• Given records:
-- Opening Marker --

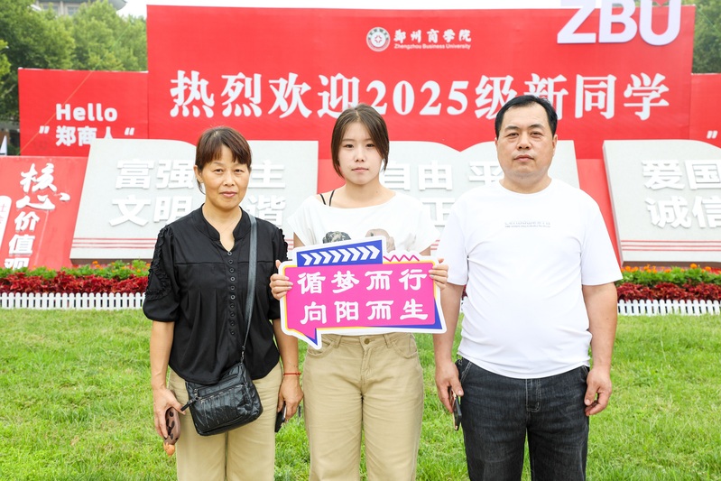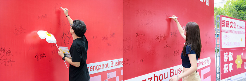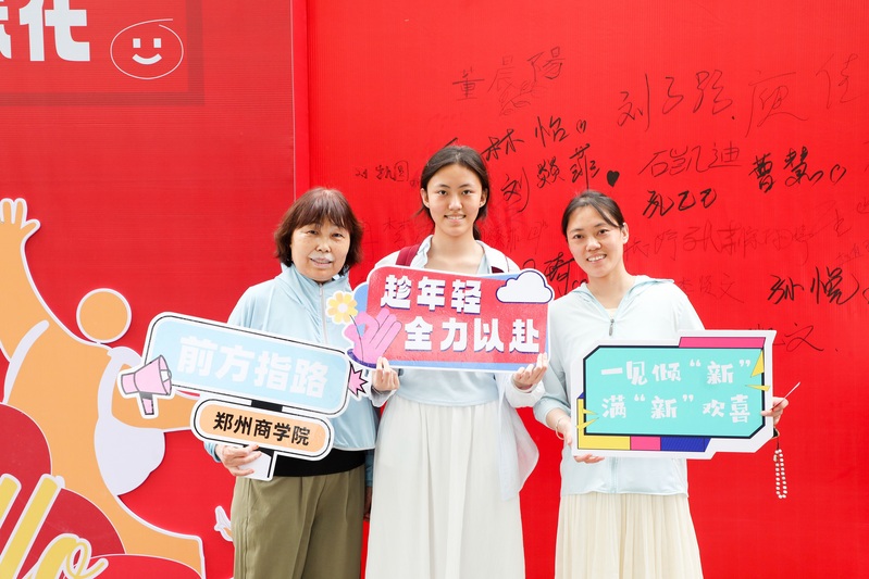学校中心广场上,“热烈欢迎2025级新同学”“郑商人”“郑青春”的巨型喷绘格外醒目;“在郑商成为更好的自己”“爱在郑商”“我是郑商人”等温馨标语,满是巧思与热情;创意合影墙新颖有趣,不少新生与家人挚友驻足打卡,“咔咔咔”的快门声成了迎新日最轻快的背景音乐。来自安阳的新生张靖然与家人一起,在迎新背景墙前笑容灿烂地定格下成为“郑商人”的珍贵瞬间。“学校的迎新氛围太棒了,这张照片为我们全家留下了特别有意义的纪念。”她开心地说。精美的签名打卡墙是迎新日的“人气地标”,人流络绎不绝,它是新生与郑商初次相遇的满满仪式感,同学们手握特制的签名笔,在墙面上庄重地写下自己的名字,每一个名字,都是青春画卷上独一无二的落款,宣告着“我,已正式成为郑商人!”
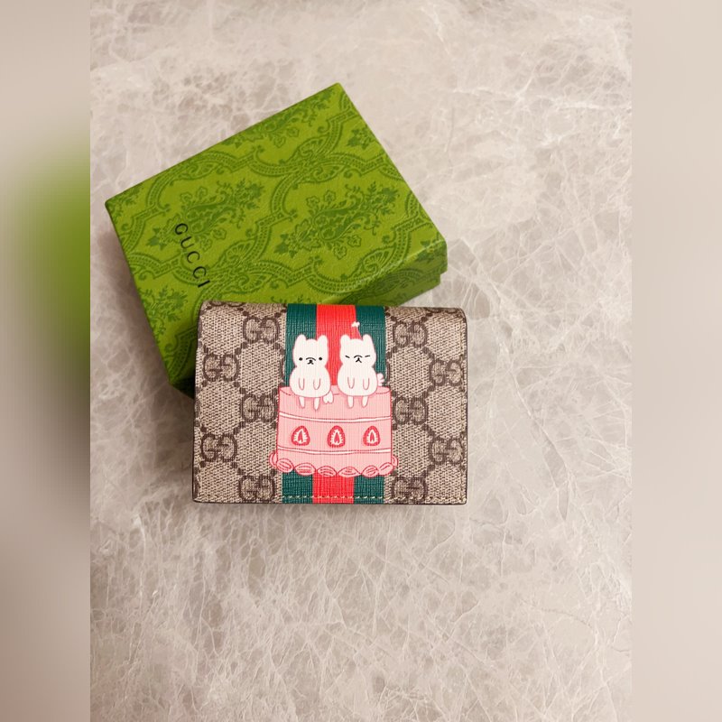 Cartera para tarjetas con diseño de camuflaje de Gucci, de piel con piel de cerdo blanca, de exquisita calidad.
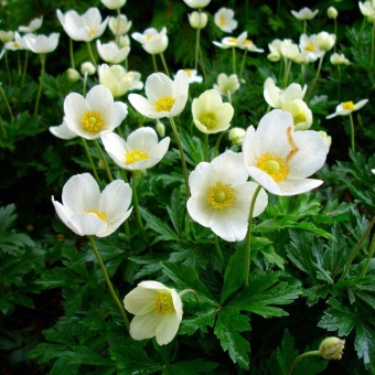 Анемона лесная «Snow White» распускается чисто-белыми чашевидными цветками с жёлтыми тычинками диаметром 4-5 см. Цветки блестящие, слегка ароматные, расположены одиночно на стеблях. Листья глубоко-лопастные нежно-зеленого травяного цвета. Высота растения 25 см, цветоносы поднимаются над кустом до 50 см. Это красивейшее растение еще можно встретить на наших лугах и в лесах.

-- Closing Marker --
-- Opening Marker --

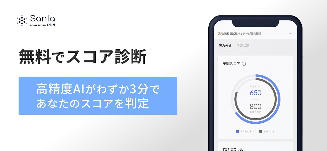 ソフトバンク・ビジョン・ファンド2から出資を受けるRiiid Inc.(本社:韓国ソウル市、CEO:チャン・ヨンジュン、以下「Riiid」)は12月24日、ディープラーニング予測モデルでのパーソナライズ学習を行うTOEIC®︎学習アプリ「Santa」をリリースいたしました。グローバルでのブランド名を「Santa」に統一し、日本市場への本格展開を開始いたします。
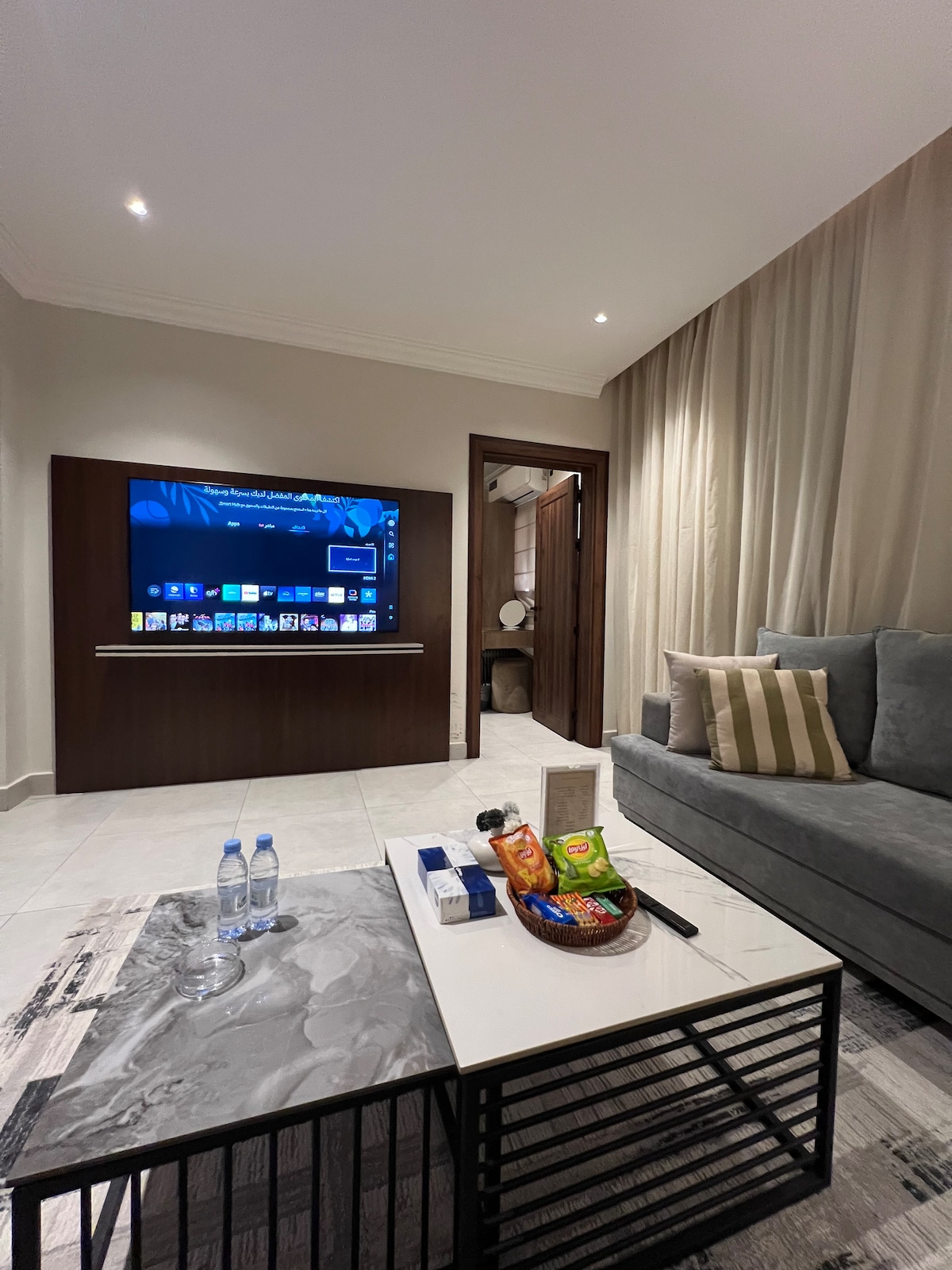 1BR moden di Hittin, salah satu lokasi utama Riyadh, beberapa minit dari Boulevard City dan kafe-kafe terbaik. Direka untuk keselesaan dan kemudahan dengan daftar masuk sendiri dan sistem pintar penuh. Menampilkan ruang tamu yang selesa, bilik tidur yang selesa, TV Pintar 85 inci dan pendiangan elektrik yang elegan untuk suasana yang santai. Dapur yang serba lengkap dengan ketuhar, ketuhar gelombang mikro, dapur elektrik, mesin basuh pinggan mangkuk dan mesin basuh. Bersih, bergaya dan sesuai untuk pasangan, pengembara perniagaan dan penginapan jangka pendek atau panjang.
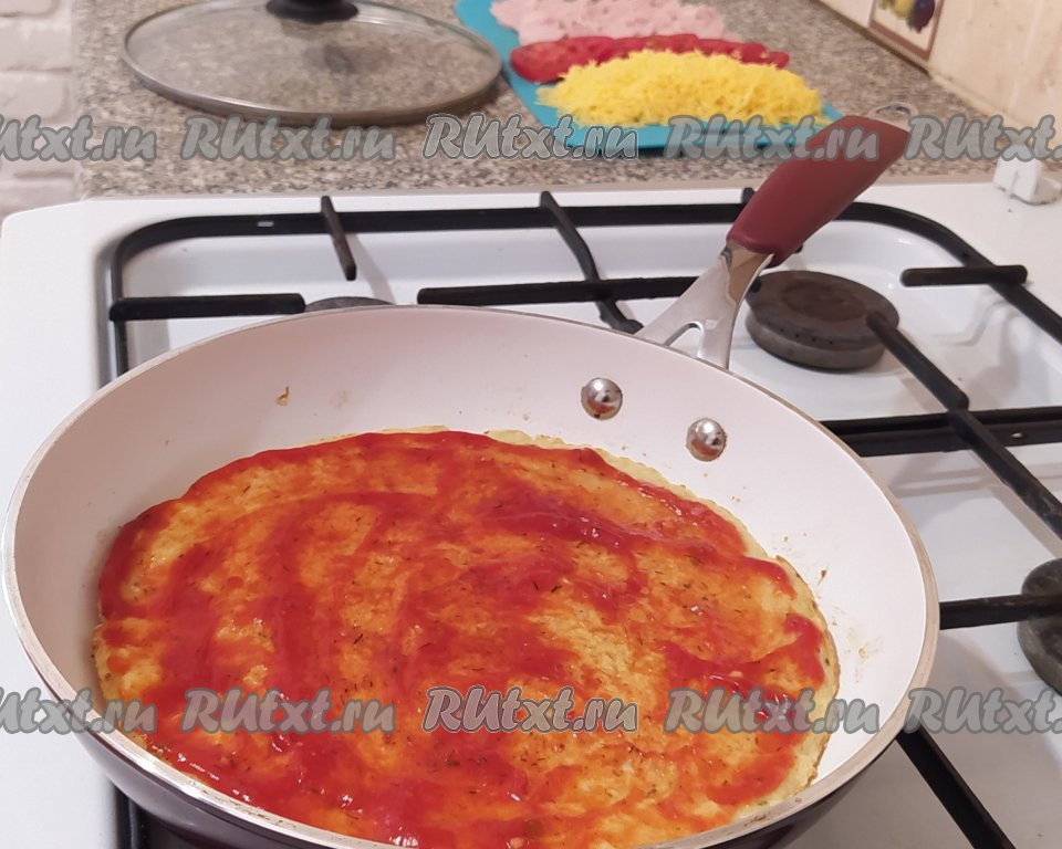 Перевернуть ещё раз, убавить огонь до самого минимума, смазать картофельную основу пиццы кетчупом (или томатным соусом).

-- Closing Marker --

• Task to carry out: Beginning at the line above that contains "Cartera para tarjetas", repeat each line exactly through the one that contains "лугах и в лесах.", and leave out the pictures.

• Exercise result:
 Cartera para tarjetas con diseño de camuflaje de Gucci, de piel con piel de cerdo blanca, de exquisita calidad.
 Анемона лесная «Snow White» распускается чисто-белыми чашевидными цветками с жёлтыми тычинками диаметром 4-5 см. Цветки блестящие, слегка ароматные, расположены одиночно на стеблях. Листья глубоко-лопастные нежно-зеленого травяного цвета. Высота растения 25 см, цветоносы поднимаются над кустом до 50 см. Это красивейшее растение еще можно встретить на наших лугах и в лесах.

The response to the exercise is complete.